Azure Monitor in Azure SRE Agent: Autonomous Alert Investigation and Intelligent Merging

Azure Monitor is great at telling you something is wrong. But once the alert fires, the real work begins — someone has to open the portal, triage it, dig into logs, and figure out what happened. That takes time. And while they're investigating, the same alert keeps firing every few minutes, stacking up duplicates of a problem that's already being looked at.
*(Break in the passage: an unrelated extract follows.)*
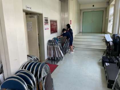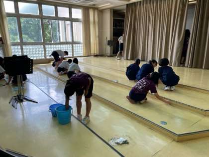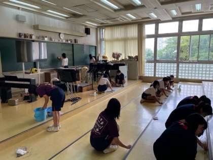 一夜明けた吹奏楽部は、コンクールを一つの節目としてお世話になった音楽室に感謝の気持ちを込めて大掃除しています。

This is exactly what Azure SRE Agent's Azure Monitor integration addresses. The agent picks up alerts as they fire, investigates autonomously, and remediates when it can — all without waiting for a human to get involved. And when that same alert fires again while the investigation is still underway, the agent merges it into the existing thread rather than creating a new one.

In this blog, we'll walk through the full Azure Monitor experience in SRE Agent with a live AKS + Redis scenario — how alerts get picked up, what the agent does with them, how merging handles the noise, and why one often-overlooked setting (auto-resolve) makes a bigger difference than you'd expect.

Key Takeaways

1. Set up Incident Response Plans to scope which alerts the agent handles — filter by severity, title patterns, and resource type. Start with review mode, then promote to autonomous once you trust the agent's behavior for that failure pattern.
2. Recurring alerts merge into one thread automatically — when the same alert rule fires repeatedly, the agent merges subsequent firings into the existing investigation instead of creating duplicates.
3. Turn auto-resolve OFF for persistent failures (bad credentials, misconfigurations, resource exhaustion) so all firings merge into one thread. Turn it ON for transient issues (traffic spikes, brief timeouts) so each gets a fresh investigation.
4. Design alert rules around failure categories, not components — one alert rule = one investigation thread. Structure rules by symptom (Redis errors, HTTP errors, pod health) to give the agent focused, non-overlapping threads.
5. Attach Custom Response Plans for specialized handling — route specific alert patterns to custom-agents with custom instructions, tools, and runbooks.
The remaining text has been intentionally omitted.